Anoje Chukwuemeka, Agu Kenneth Anene, Oladele Edward A, Badru Titilope, Adedokun Oluwasanmi, Oqua Dorothy, Khamofu Hadiza, Adebayo Olufunso, Torpey Kwasi, Chabikuli Otto Nzapfurundi
FHI 360, Plot 1073 J.S Tarka Street, Area 3 Garki Abuja, Abuja, Nigeria.
Howard University Pharmacists and Continuing Education Center, Abuja, Nigeria.
AIDS Behav. 2017 Feb;21(2):386-392. doi: 10.1007/s10461-016-1473-z.
Medication adherence is a major determinant of antiretroviral treatment (ART) success. Promptness in medication refill pick-ups may give an indication of medication adherence. This study determined medication refill adherence among HIV positive patients on ART and its association with treatment outcomes in HIV treatment centers in Nigeria. This retrospective multi-center cohort study involved a review of ART refill records for 3534 HIV-positive patients aged 18-60 years who initiated first-line ART between January 2008 and December 2009 and were on therapy for ≥18 months after ART initiation. Drug refill records of these patients for 10 consecutive refill visits after ART initiation were analyzed. The first ten consecutive refill appointment-keeping rates after ART initiation ranged from 64.3 % to 76.1 % which decreased with successive visits. Altogether, 743 (21.1 %) patients were deemed adherent, meaning they picked up their drugs within 7 days of the drug refill appointment date on at least nine out of ten refill visits. The adherent group of patients had a mean CD4 cells increase of 206 ± 6.1 cells/dl after 12 months of ART compared to 186 ± 7.1 cells/dl reported among the nonadherent group (p = 0.0145). The proportion of patients in the adherent category who showed no OIs after 12 months on ART (81 %) was significantly higher when compared to the proportion in the non-adherent category (23.5 %), (p = 0.008).

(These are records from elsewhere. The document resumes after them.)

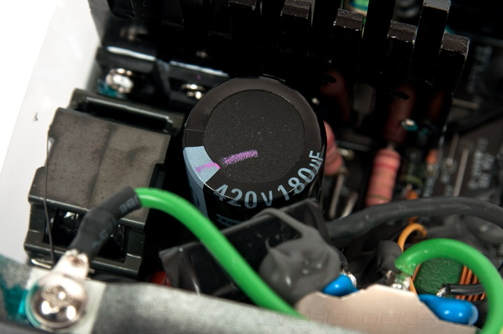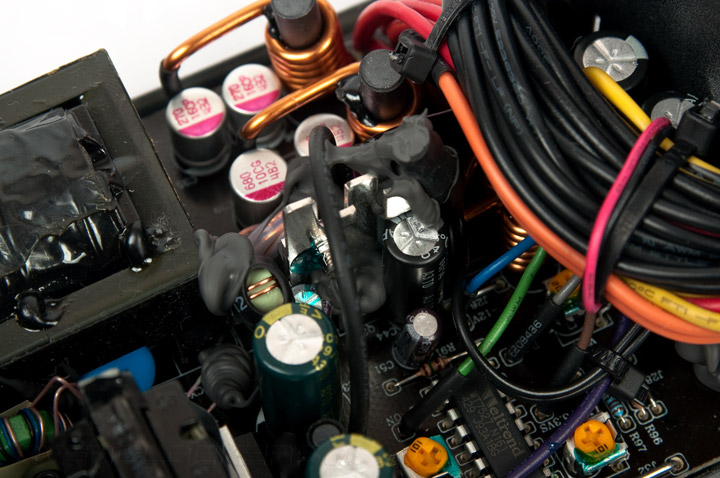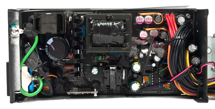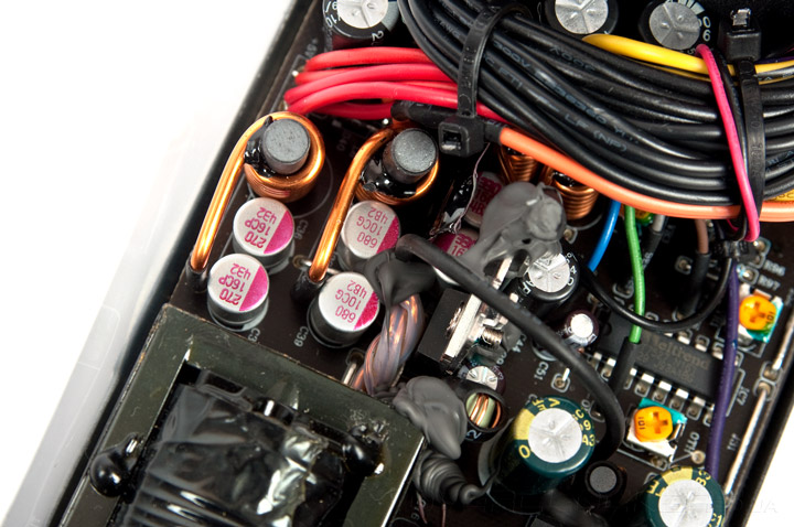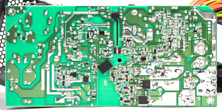 По качеству сборки особых претензий нет, заметны лишь незначительные остатки флюса на обратной стороне печатной платы. Там же распаяны транзисторы низковольтных выпрямителей. В отличие от рассмотренного ранее блока SFX Power 2 300W здесь реализованы честные виртуальные линии — одна идет сугубо для питания процессора, а вторая для всех остальных компонентов системы, т.е. к выбору видеокарты, если придется, надо подходить обдуманно.
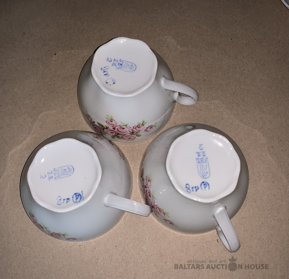 Tases ar apakštasēm Ārija. 3 gab. Porcelāns, RPR.
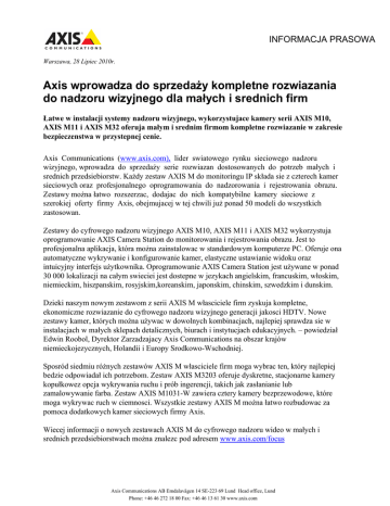 INFORMACJA PRASOWA Warszawa, 28 Lipiec 2010r. Axis wprowadza do sprzedaży kompletne rozwiazania do nadzoru wizyjnego dla małych i srednich firm Łatwe w instalacji systemy nadzoru wizyjnego, wykorzystujace kamery serii AXIS M10, AXIS M11 i AXIS M32 oferuja małym i srednim firmom kompletne rozwiazanie w zakresie bezpieczenstwa w przystepnej cenie. Axis Communications (www.axis.com), lider swiatowego rynku sieciowego nadzoru wizyjnego, wprowadza do sprzedaży serie rozwiazan dostosowanych do potrzeb małych i srednich przedsiebiorstw. Każdy zestaw AXIS M do monitoringu IP składa sie z czterech kamer sieciowych oraz profesjonalnego oprogramowania do nadzorowania i rejestrowania obrazu. Zestawy można łatwo rozszerzac, dodajac do nich kompatybilne kamery sieciowe z szerokiej oferty firmy Axis, obejmujacej w tej chwili już ponad 50 modeli do wszystkich zastosowan. Zestawy do cyfrowego nadzoru wizyjnego AXIS M10, AXIS M11 i AXIS M32 wykorzystuja oprogramowanie AXIS Camera Station do monitorowania i rejestrowania obrazu. Jest to profesjonalna aplikacja, która można zainstalowac w standardowym komputerze PC. Oferuje ona automatyczne wykrywanie i konfigurowanie kamer, elastyczne ustawianie widoku oraz intuicyjny interfejs użytkownika. Oprogramowanie AXIS Camera Station jest używane w ponad 30 000 lokalizacji na całym swieciei jest dostepne w jezykach angielskim, francuskim, włoskim, niemieckim, hiszpanskim, rosyjskim,koreanskim, japonskim, chinskim, szwedzkim i dunskim. Dzieki naszym nowym zestawom z serii AXIS M własciciele firm zyskuja kompletne, ekonomiczne rozwiazanie do cyfrowego nadzoru wizyjnego generacji jakosci HDTV. Nowe zestawy kamer, których można używac w dowolnych kombinacjach, najlepiej sprawdza sie w instalacjach w małych sklepach detalicznych, biurach i instytucjach edukacyjnych. – powiedział Edwin Roobol, Dyrektor Zarzadzajacy Axis Communications na obszar krajów niemieckojezycznych, Holandii i Europy Srodkowo-Wschodniej. Sposród siedmiu różnych zestawów AXIS M własciciele firm moga wybrac ten, który najlepiej bedzie odpowiadał ich potrzebom. Zestaw AXIS M3203 oferuje dyskretne, stacjonarne kamery kopułkowez opcja wykrywania ruchu i prób ingerencji, takich jak zasłanianie lub zamalowywanie farba. Zestaw AXIS M1031-W zawiera cztery kamery bezprzewodowe, które moga wykrywac ruch w ciemnosci. Wszystkie zestawy AXIS M można łatwo rozbudowac za pomoca dodatkowych kamer sieciowych firmy Axis. Wiecej informacji o nowych zestawach AXIS M do cyfrowego nadzoru wideo w małych i srednich przedsiebiorstwach można znalezc pod adresem www.axis.com/focus Axis Communications AB Emdalavägen 14 SE-223 69 Lund Head office, Lund Phone: +46 46 272 18 00 Fax: +46 46 13 61 30 www.axis.com Dystrybutorami produktów Axis Communications w Polsce sa firmy: Anixter Polska ( www.anixter.pl), Softex Data (www.softexdata.pl), Tech Data Polska / TDAzlan ( www.techdata.pl) i Videor (www.videor.com). Infomacje dodatkowe: Firma Axis Communications jest światowym liderem branży sieciowych systemów wizyjnych z udziałem w rynku kamer sieciowych wynoszącym 31,2%. Szacuje się, że sam rynek kamer sieciowych na świecie osiągnie wartość ponad 2,5 miliarda USD do 2013 r. Założona stopa rocznego wzrostu dla rynku kamer sieciowych wyniesie ponad 28 procent w okresie kolejnych pięciu lat, zgodnie z prognozami opublikowanymi przez ośrodek IMS Research ( www.imsresearch.com) w swoim najnowszym raporcie zatytułowanym ‘Światowy Rynek Urządzeń CCTV i Wideo służących do Monitoringu - wydanie 2009’, opublikowanym w sierpniu 2009 r. O firmie Axis: Axis jest szwedzką firmą IT oferującą sieciowe rozwiązania wizyjne do profesjonalnych instalacji. Firma jest światowym liderem w dziedzinie sieciowego nadzoru wideo i promuje przechodzenie z systemów nadzoru analogowego na cyfrowy. Produkty i rozwiązania firmy Axis skupiają się na zdalnym nadzorze i monitorowaniu. Są one oparte na innowacyjnych, otwartych platformach technologicznych. Biura Axisa są zlokalizowane w 20 krajach, a firma współpracuje z partnerami w ponad 70 krajach. Axis Communications zostało założone w 1984 r., jest notowane na giełdzie NASDAQ OMX w Sztokholmie, a jego symbol to AXIS. Więcej informacji o firmie Axis można znaleźć na stronie www.axis.com Więcej informacji o firmie Axis udziela: Edwin Roobol Dyrektor Regionalny na obszar Europy Środkowej Axis Communications Tel.: +49 811 555 080 E-mail: [email protected] Agata Majkucińska Key Account Manager Axis Communications E-mail: [email protected] Kontakt dla prasy w Polsce: Kamila Wierzbicka Grayling Poland Tel.: +48 22 536 04 69 Tel. kom.: +48 0 607 104 872 E-mail: [email protected] Axis Communications AB Emdalavägen 14 SE-223 69 Lund Head office, Lund Phone: +46 46 272 18 00 Fax: +46 46 13 61 30 www.axis.com

The multivariate analysis showed that the odds of being adherent was 2-3 times more in patients who had a baseline CD4 count of less than 200 cells/dl compared to those with a baseline CD4 of >350 cells/dl. (AOR 2.43, 95 % CI 1.62-3.66). In addition, for patients with baseline CD4 cell count of 201-350 cells/dl, the odds of being adherent was found to be 1.9 compared to those with baseline CD4 of greater than 350 cells/dl (AOR 1.93, 95 % CI 1.27-2.94). Pharmacy refill data can serve as an adherence measure. Adherence to on-time drug pickup on ≥90 % of refill appointments was associated with a better CD4 count response and a reduction in the presence of opportunistic infections in ART patients after 12 months of treatment.
药物依从性是抗逆转录病毒治疗(ART)成功的主要决定因素。按时取药可能表明药物依从性情况。本研究确定了尼日利亚HIV治疗中心接受ART治疗的HIV阳性患者的药物续方依从性及其与治疗结果的关联。这项回顾性多中心队列研究包括对3534例年龄在18至60岁之间的HIV阳性患者的ART续方记录进行审查,这些患者于2008年1月至2009年12月开始接受一线ART治疗,且在ART开始后接受治疗≥18个月。对这些患者ART开始后连续10次续方就诊的药物续方记录进行了分析。ART开始后前10次连续的预约取药率在64.3%至76.1%之间,且随后续就诊次数而降低。共有743例(21.1%)患者被视为依从,即他们在至少十次续方就诊中的九次在药物续方预约日期的7天内取药。与非依从组报告的186±7.1个细胞/微升相比,依从组患者在接受ART治疗12个月后平均CD4细胞增加了206±6.1个细胞/微升(p = 0.0145)。在接受ART治疗12个月后无机会性感染的依从组患者比例(81%)显著高于非依从组(23.5%)(p = 0.008)。多变量分析显示,与基线CD4计数>350个细胞/微升的患者相比,基线CD4计数低于200个细胞/微升的患者依从的几率高出2至3倍(调整后比值比2.43,95%置信区间1.62 - 3.66)。此外,对于基线CD4细胞计数为201 - 350个细胞/微升的患者,与基线CD4大于350个细胞/微升的患者相比,依从的几率为1.9(调整后比值比1.93,95%置信区间1.27 - 2.94)。药房续方数据可作为一种依从性衡量指标。在12个月的治疗后,在≥90%的续方预约中按时取药与更好的CD4计数反应以及ART患者中机会性感染的减少相关。